(The task):
Give an exact copy of the data that follows, but none of its pictures.

(Dataset extract):
============

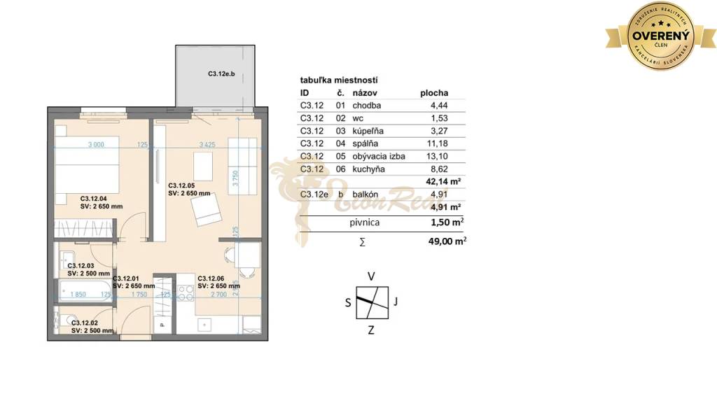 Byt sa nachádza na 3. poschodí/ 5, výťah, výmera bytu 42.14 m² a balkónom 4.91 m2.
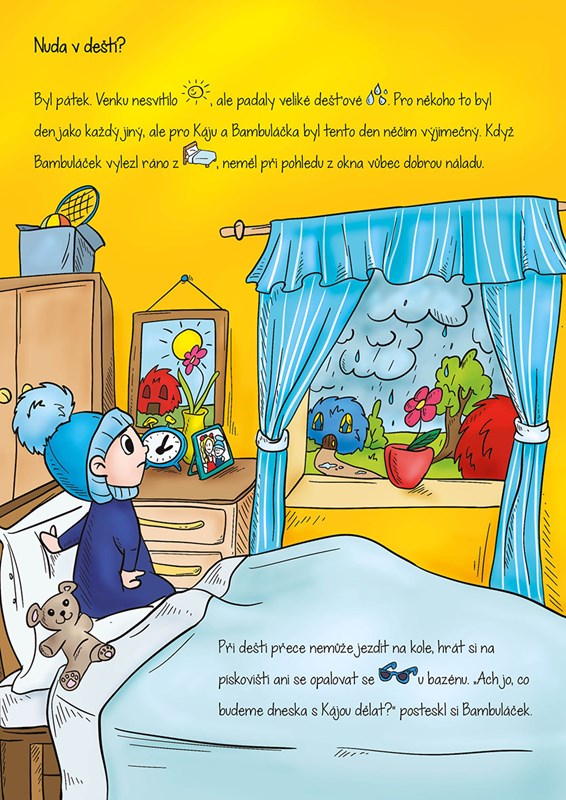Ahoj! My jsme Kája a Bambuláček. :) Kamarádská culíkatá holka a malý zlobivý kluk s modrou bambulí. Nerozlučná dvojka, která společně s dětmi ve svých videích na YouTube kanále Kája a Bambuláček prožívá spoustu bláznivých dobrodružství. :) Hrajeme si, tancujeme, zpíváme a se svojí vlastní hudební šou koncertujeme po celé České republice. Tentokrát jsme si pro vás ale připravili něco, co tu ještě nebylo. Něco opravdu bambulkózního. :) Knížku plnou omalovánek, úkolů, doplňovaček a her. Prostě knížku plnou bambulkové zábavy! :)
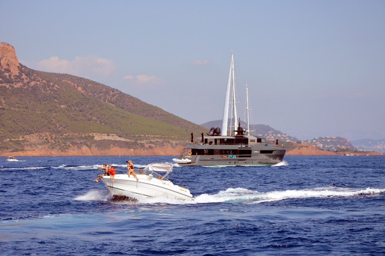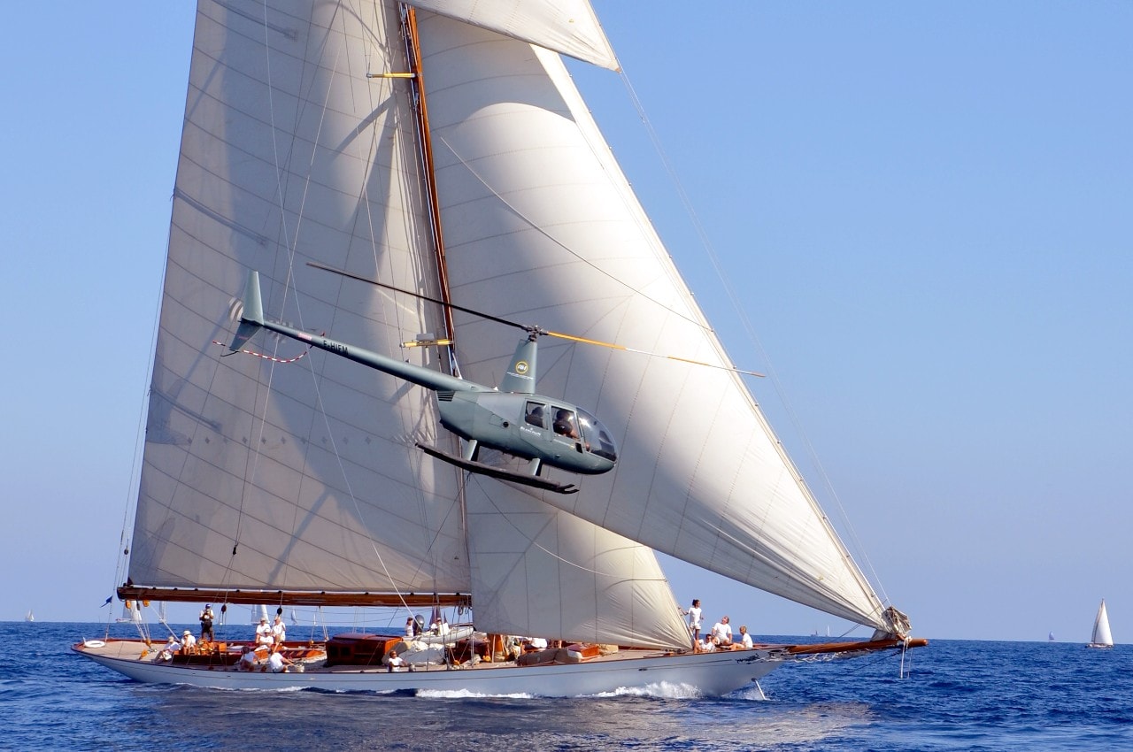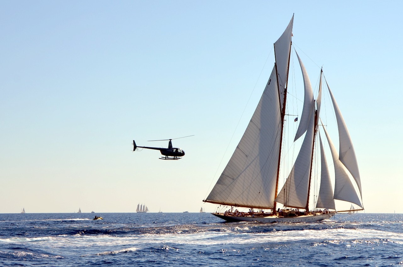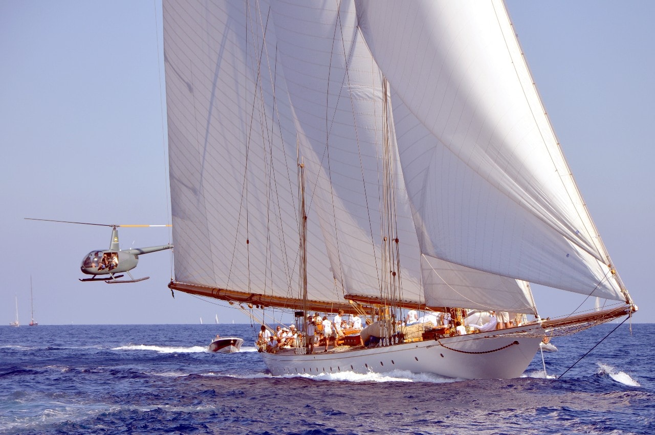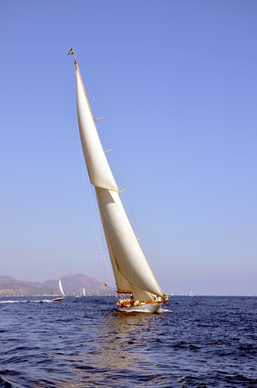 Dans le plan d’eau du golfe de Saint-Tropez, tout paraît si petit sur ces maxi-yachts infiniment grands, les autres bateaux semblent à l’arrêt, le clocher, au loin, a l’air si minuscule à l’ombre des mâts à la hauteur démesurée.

============

(Exercise answer):
 Byt sa nachádza na 3. poschodí/ 5, výťah, výmera bytu 42.14 m² a balkónom 4.91 m2.
Ahoj! My jsme Kája a Bambuláček. :) Kamarádská culíkatá holka a malý zlobivý kluk s modrou bambulí. Nerozlučná dvojka, která společně s dětmi ve svých videích na YouTube kanále Kája a Bambuláček prožívá spoustu bláznivých dobrodružství. :) Hrajeme si, tancujeme, zpíváme a se svojí vlastní hudební šou koncertujeme po celé České republice. Tentokrát jsme si pro vás ale připravili něco, co tu ještě nebylo. Něco opravdu bambulkózního. :) Knížku plnou omalovánek, úkolů, doplňovaček a her. Prostě knížku plnou bambulkové zábavy! :)
 Dans le plan d’eau du golfe de Saint-Tropez, tout paraît si petit sur ces maxi-yachts infiniment grands, les autres bateaux semblent à l’arrêt, le clocher, au loin, a l’air si minuscule à l’ombre des mâts à la hauteur démesurée.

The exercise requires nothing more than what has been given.